Près de 50 œuvres de la collection de l’homme d’affaires François Pinault, majoritairement inédites, de 23 artistes, « proposent des points de vue variés et singuliers » sur l’enfermement dans son acception la plus large. Un triste thème qui « entre en résonnance avec le cadre de la Conciergerie » du Palais de la Cité, longtemps une prison.

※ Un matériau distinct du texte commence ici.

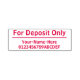 Este design de carimbo neutro contém a mensagem "Apenas para depósito", juntamente com um nome pessoal/comercial personalizado e um número de conta. Pode ser utilizado por um funcionário de escritório ou por um operador de pequena empresa para acrescentar de forma eficiente um endosso restritivo a um cheque.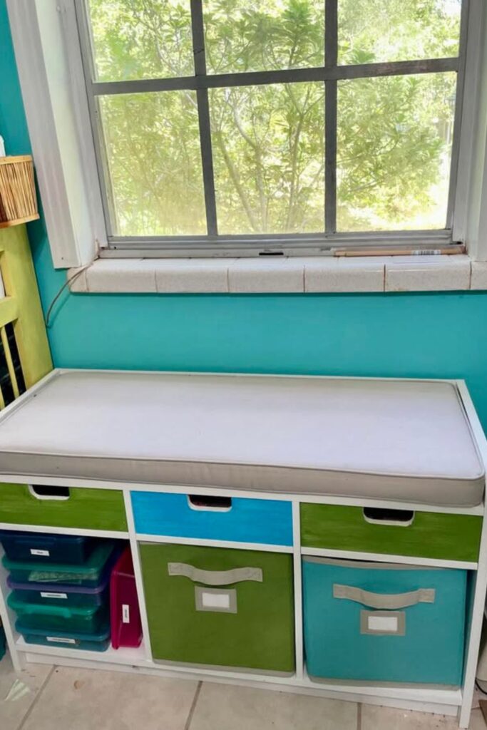 Topped with a cushioned bench, it offers a cozy seating area while hiding clutter.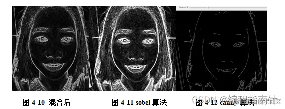 基于上述的sobel和canny的结果图对比可发现二者均具有有平滑功[[i]],但又各具特色,在噪声方面canny去噪效果好sobel虽然对噪声敏感但是可以抑制,canny在提取边缘方面视觉上连接效果更好边缘很精确完整但是边缘很细没有强弱的对比,sobel提取的边缘具有明确的方向性而且有强弱之分但是视觉上不是很准确。基于二者的特色可以二者进行图像混合融合二者各自的优缺点。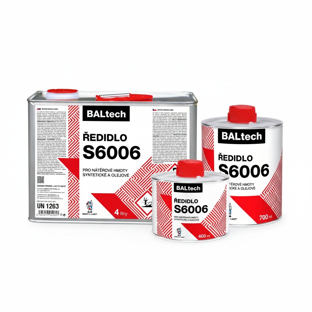 Pouze pro štětec: S6006 je určeno pro štětec/váleček. Pro stříkání pistolí použijte ředidlo S6001 (které těká rychleji). Pokud byste dali S6006 do stříkací pistole, barva by na svislých plochách stékala (tvořila by záclony).
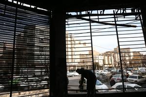 (260121) -- TEHERAN, 21 enero, 2026 (Xinhua) -- Un hombre permanece dentro del edificio de una sucursal bancaria dañada durante...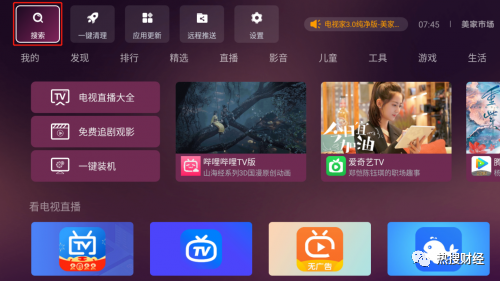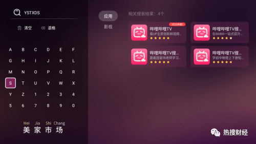 第一步,需要在电视安装一个第三方电视应用市场-美家市场;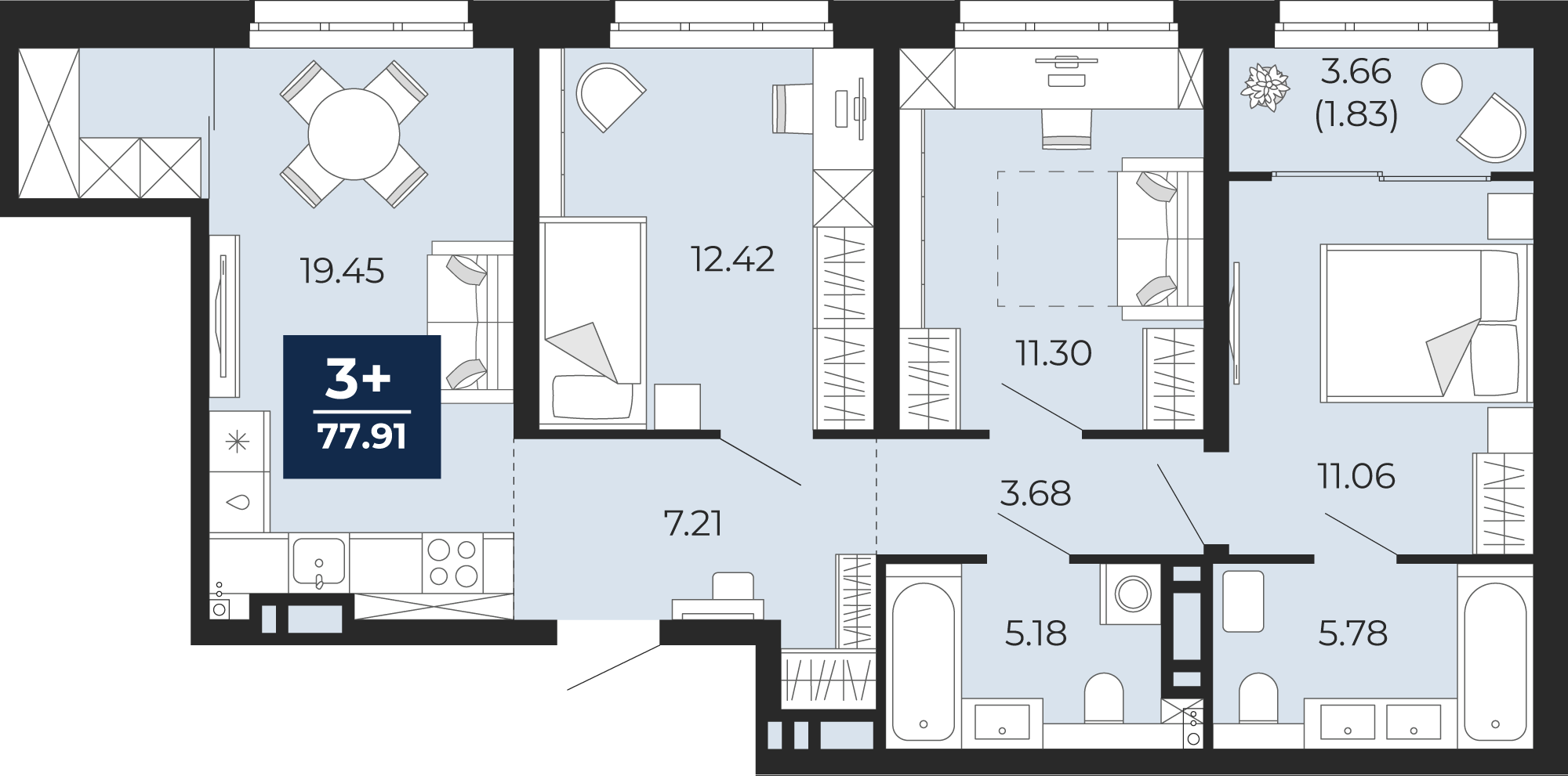 3 комнатная квартира Стандарт, площадью: 77,91 кв.м. №179, балконы/лоджии  3,66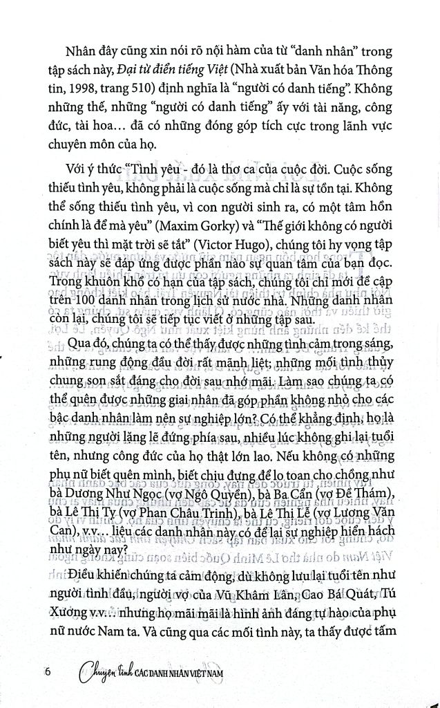 Với ý thức “Tình yêu - đó là thơ ca của cuộc đời. Cuộc sống thiếu tình yêu, không phải là cuộc sống mà chỉ là sự tồn tại. Không thể sống thiếu tình yêu, vì con người sinh ra, có một tâm hồn chính là để mà yêu” (Maxim Gorky) và “Thế giới không có người biết yêu thì mặt trời sẽ tắt” (Victor Hugo), chúng tôi hy vọng tập sách này sẽ đáp ứng được phần nào sự quan tâm của bạn đọc. Trong khuôn khổ có hạn của tập sách, chúng tôi chỉ mới đề cập trên 100 danh nhân trong lịch sử nước nhà. Những danh nhân còn lại, chúng tôi sẽ tiếp tục viết ở những tập sau.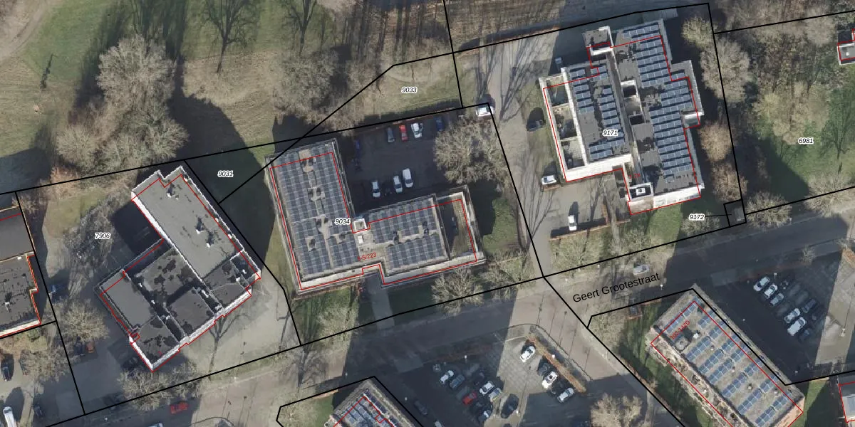 Het perceel waarop Geert Grootestraat 5-012 staat heeft een oppervlakte van 2705 m². Dit is een zeer groot perceel. De perceeloppervlakte wordt geregistreerd door het Kadaster. Gedetailleerde informatie over de maten van dit perceel kunt u vinden in het rapport Kadastrale kaart met maatvoering van Geert Grootestraat 5-012.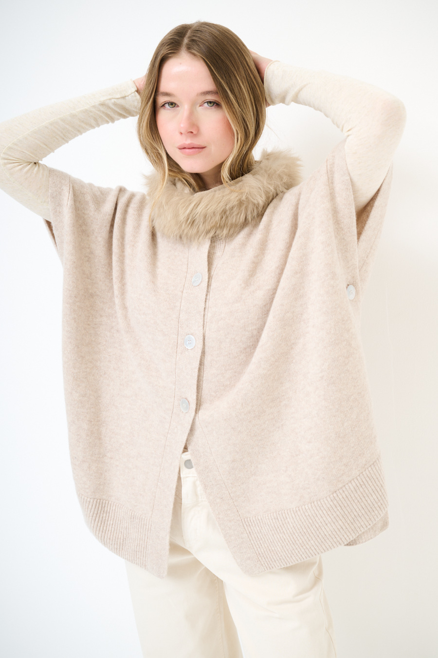 MANTELLA CON BOTTONI E COLLO PELLICCIA BEIGE

Et d’ajouter : « De même, l’an passé quand Décor d’Adel Abdessemed a été présenté devant le retable d’Issenheim, installé, au cœur de la chapelle du musée d’Unterlinden, j’ai pu, une fois encore, mesurer à quel point l’art de notre temps entrait en résonnance avec les créations des siècles passés… Ce serait nier le principe même de la liberté de la création qui permet à un artiste, même dans un contexte atroce, de ne se livrer qu’à des recherches formelles. En revanche, quand un artiste fait le choix d’ouvrir les yeux sur le monde qui l’entoure et de s’engager, on est toujours impressionné par la ferveur de sa prise de position et par l’efficacité de sa protestation contre les maux qu’il dénonce ».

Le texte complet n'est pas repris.